Два-три обыска – и сколько переполоха, раскаяния, даже отступничества! Так оказалась хлипка и зыбка наша свобода разговоров и рукописей, дарованная нам и проистекшая при Хрущёве (А. Солженицын. С. 129).
21 сентября. Запись в дневнике Корнея Чуковского:
Сообщает Би-Би-Си, что Румянцева сняли.
В самом деле: можно ли было ему позволить, перечисляя лучших творцов советской литературы, – не упомянуть ни Грибачева, ни Софронова, ни Кочетова?! И где? В «Правде» (К. Чуковский. Т. 13. С. 418).
23 сентября. Иосиф Бродский официально освобожден из ссылки. По дороге из Норенской в Ленинград он сначала прилетает в Москву и, на несколько недель остановившись в квартире Андрея Сергеева, встречается с Лидией Чуковской, Евгением Евтушенко, Анатолием Рыбаковым, посещает редакции журналов «Новый мир» и «Юность».
Мы, – рассказывает Е. Евтушенко, – встретились в грузинском ресторане «Арагви». Любимец Ахматовой был одет слишком легко, поеживался от холода, и я инстинктивно снял пиджак и предложил ему. Он вдруг нервно залился краской. «Я не нуждаюсь в пиджаках с чужого плеча» (Е. Евтушенко. Волчий паспорт. С. 260).

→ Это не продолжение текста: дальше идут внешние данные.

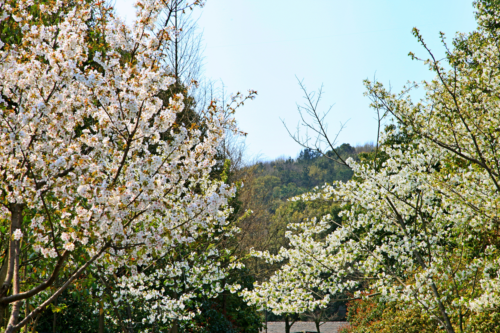 同样免费的地方,和无锡宝界山林公园不是同一个地方哦,这里有个酒店,但只接待单位和团体,里面的樱花都是白色的,衬着蓝蓝的天很好看
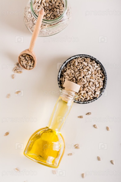 Подсолнечное масло в бутылке и семечки в миске на столе. Здоровая пища. Сверху и по вертикали

Когда его привели к писателю Рыбакову, который, благодаря связям, мог помочь с публикациями, он настолько рассердил Рыбакова своим высокомерием, что тот и тридцать лет спустя с негодованием вспоминал в мемуарах о встрече с «плохим человеком», желавшим без конца читать свои малопонятные стихи. Бродский вспоминал эту встречу по-другому: поучения опытного литератора – с кем надо поговорить, чтобы еще на кого-то нажать и т. д., – показались ему настолько византийскими, что он быстро утратил способность следить за ними и, чтобы уйти от утомительного разговора, предложил почитать стихи (Л. Лосев. Иосиф Бродский. С. 128).
По-иному эта встреча запомнилась самому А. Рыбакову:
В конце шестидесятых годов одна ленинградская дама приехала ко мне на дачу с Бродским. То ли хотела продемонстрировать Бродскому свои «переделкинские» связи, то ли показать мне, какие у нее знаменитые знакомые: Бродского тогда только освободили, чему предшествовала шумная кампания в его защиту.
Бродский читал стихи, откровенно говоря, мне мало интересные, что делать, наверно, я слаб в поэзии. Однако слушал внимательно и предложил Бродскому поговорить о нем с Твардовским.
Он гордо вскинул голову:
– За меня просить?! Они сами придут ко мне за стихами.
Парень, травмированный судом, ссылкой, вот и защищается высокомерием от несправедливостей мира. Простительно.
Я заговорил о Фриде Вигдоровой. Хрупкая, похожая на подростка, очень болезненная, но поразительно мужественная, Фрида, узнав о суде над Бродским, поехала в Ленинград и стенографически записала процесс. Эта запись была издана в Самиздате, разошлась по всему миру и сыграла громадную роль в защите и освобождении Бродского. Но напряжение, связанное с теми событиями, окончательно подкосило Фриду, вскоре, совсем еще молодой, она умерла. Мне казалось, что разговор о ней смягчит Бродского.
Однако, буркнув в ответ что-то пренебрежительное, Бродский предложил почитать еще стихи.
Я был поражен.
– Как вы можете говорить о Вигдоровой в таком тоне? В сущности, она вас спасла… Вас спасла, а сама умерла.
– Спасала не только она, – ответил Бродский, – ну, а умерла… Умереть, спасая поэта, – достойная смерть.
– Не берусь судить, какой вы поэт, но человек, безусловно, плохой. – Я поднялся и ушел в кабинет.
Гостям пришлось ретироваться (А. Рыбаков. Роман-воспоминание. С. 370–371)775.